:: PROBLEM REQUIREMENTS ::
Without changing a word, repeat the data, and include no pictures.

** DATASET EXCERPTS follows **

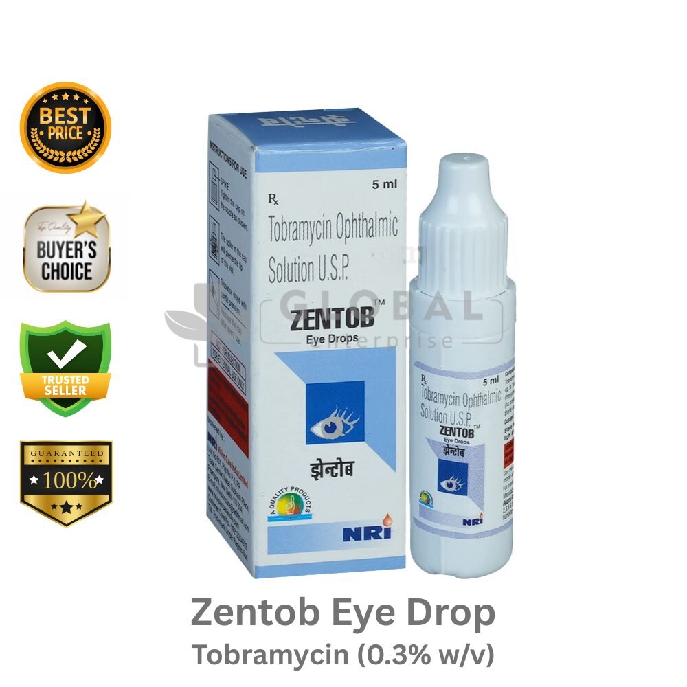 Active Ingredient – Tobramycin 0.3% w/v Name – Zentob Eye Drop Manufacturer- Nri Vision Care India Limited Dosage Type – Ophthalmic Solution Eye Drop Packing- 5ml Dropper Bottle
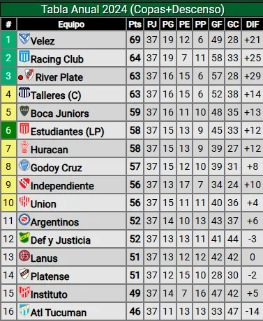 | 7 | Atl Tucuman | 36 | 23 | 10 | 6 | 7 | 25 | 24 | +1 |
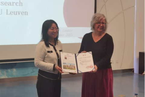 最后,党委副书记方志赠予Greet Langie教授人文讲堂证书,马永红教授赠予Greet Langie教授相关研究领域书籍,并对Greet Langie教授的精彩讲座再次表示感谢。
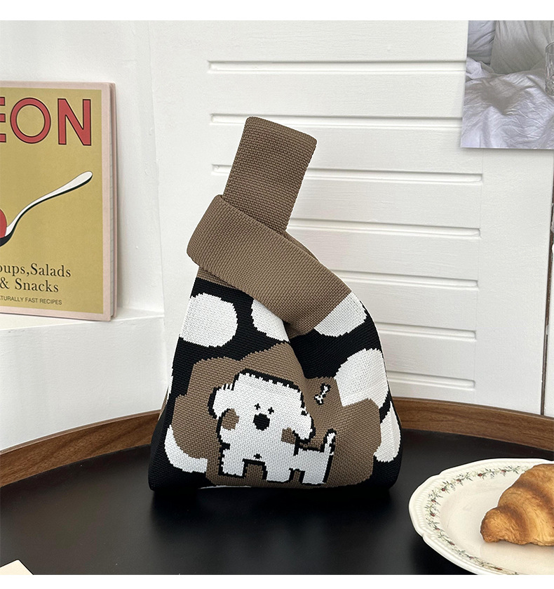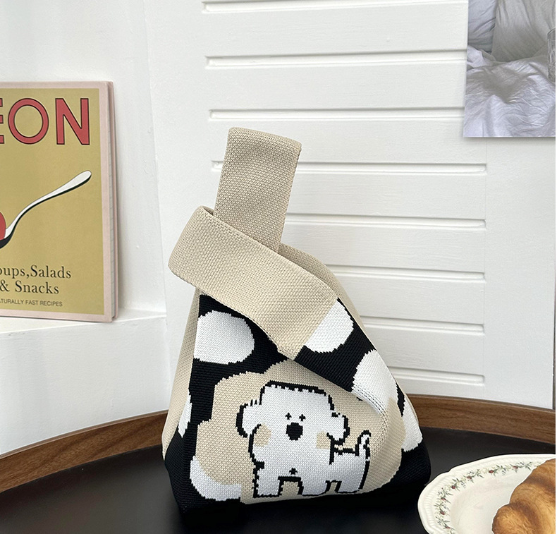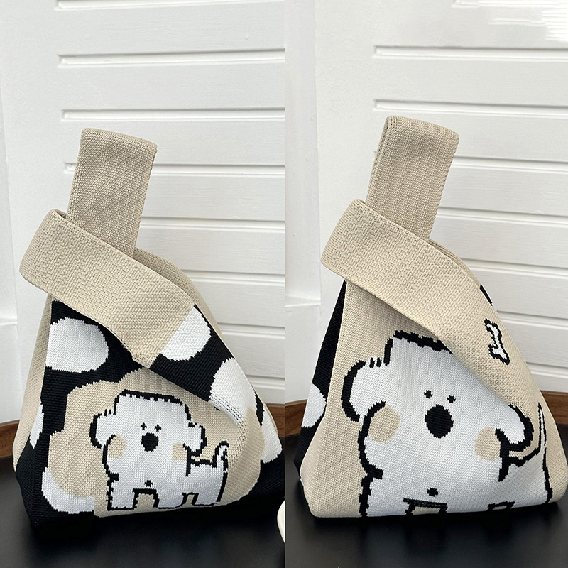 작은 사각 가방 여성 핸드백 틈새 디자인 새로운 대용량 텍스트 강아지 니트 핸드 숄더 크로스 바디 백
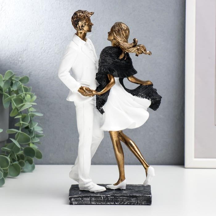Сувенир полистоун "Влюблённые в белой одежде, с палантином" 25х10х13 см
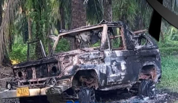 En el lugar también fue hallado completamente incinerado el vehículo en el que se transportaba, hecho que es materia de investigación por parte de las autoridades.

** End of DATASET EXCERPTS **

:: TASK ANSWER ::
 Active Ingredient – Tobramycin 0.3% w/v Name – Zentob Eye Drop Manufacturer- Nri Vision Care India Limited Dosage Type – Ophthalmic Solution Eye Drop Packing- 5ml Dropper Bottle
 | 7 | Atl Tucuman | 36 | 23 | 10 | 6 | 7 | 25 | 24 | +1 |
 最后,党委副书记方志赠予Greet Langie教授人文讲堂证书,马永红教授赠予Greet Langie教授相关研究领域书籍,并对Greet Langie教授的精彩讲座再次表示感谢。
 작은 사각 가방 여성 핸드백 틈새 디자인 새로운 대용량 텍스트 강아지 니트 핸드 숄더 크로스 바디 백
Сувенир полистоун "Влюблённые в белой одежде, с палантином" 25х10х13 см
 En el lugar también fue hallado completamente incinerado el vehículo en el que se transportaba, hecho que es materia de investigación por parte de las autoridades.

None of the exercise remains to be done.